Saturday, August 11, 2007

The First Watch in Space

On April 12, 06:07 GMT, 1961 Juri Gagarin, at the controls of Vostok One, ushered in a new era, one of manned space flight, and the world was forever changed. The technology that put this man in space and brought him safely home, was some of the newest and most modern equipment available. Ironically, on his wrist was a technology that was already centuries old-- watch making. It may seem odd to us now in this time of extremely accurate quartz watches, but at the time, the mechanical wrist watch was an important piece of gear, and it’s accuracy and reliability were of paramount concern. In light of these concerns, the choice of watch Gagarin took with him would not have been a decision made in haste.
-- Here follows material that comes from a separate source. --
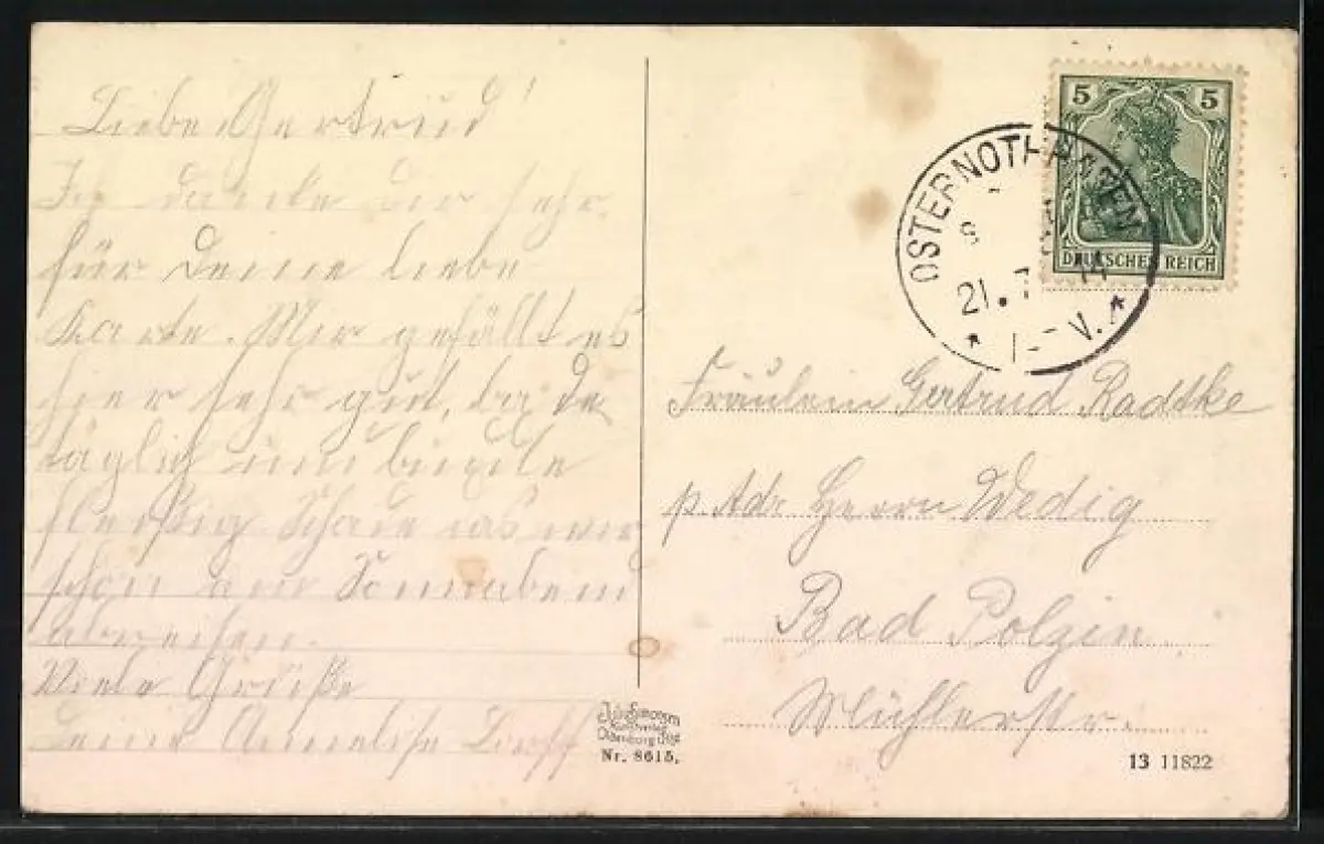 alte Ansichtskarte, gelaufen 1911, Eckknick li. oben, guter Zustand

The STURMANSKIE, (or ШТУРМАНСКИЕ in Cyrillic,) which had been issued to new graduates of the prestigious Orenberg Flight School along with their diplomas since the late 1940’s, was a logical choice, due to the high quality of the movement and inherent accuracy of the watch. Gagarin would have been supplied with such a 1st Moscow Watch Factory Sturmanskie opon graduation from Orenberg as well, but it is doubtful that he would have received the Sturmanskie he wore into space at that time. Most likely, he would have been awarded a 15 jewel watch, very similar to the one he wore in space but lacking some of the newer features that were unavailable at that time.

Based on an earlier French design, the Lip R26, from which the Soviets purchased the machinery to produce the watch. The Soviet’s had updated the design by adding a central seconds complication and a hacking feature that allowed the watch to be precisely stopped and synchronized with a given time signal. A critical detail on any military watch, but especially so on a Navigator’s watch, where often location would be ascertained by correctly estimating where the aircraft was by accurately measuring time to distance.

The Sturmanskie Gagarin wore into space had a highly finished (including Geneva striping!) 17 jewel, shock protected movement. The movement was housed in a chrome plated, two-piece case measuring 33 mm across, 12 mm high, with a 16 mm lug size and had a stainless steel screw back. Unlike the earlier watch’s stainless steel snap back, the new watch was fully gasketed providing better water resistance.

As a matter of fact, the Sturmanskie’s movement and case, were virtually identical to the civilian Sportivnie (Спортивные). Only the dial separated the two watches visually from each other. After his world famous flight, the watch Gagarin wore was donated to what was soon to become ПОЛЕТ or Poljot, meaning flight, in honor of Gagarin’s groundbreaking mission. Where it currently resides as part of their present day collection.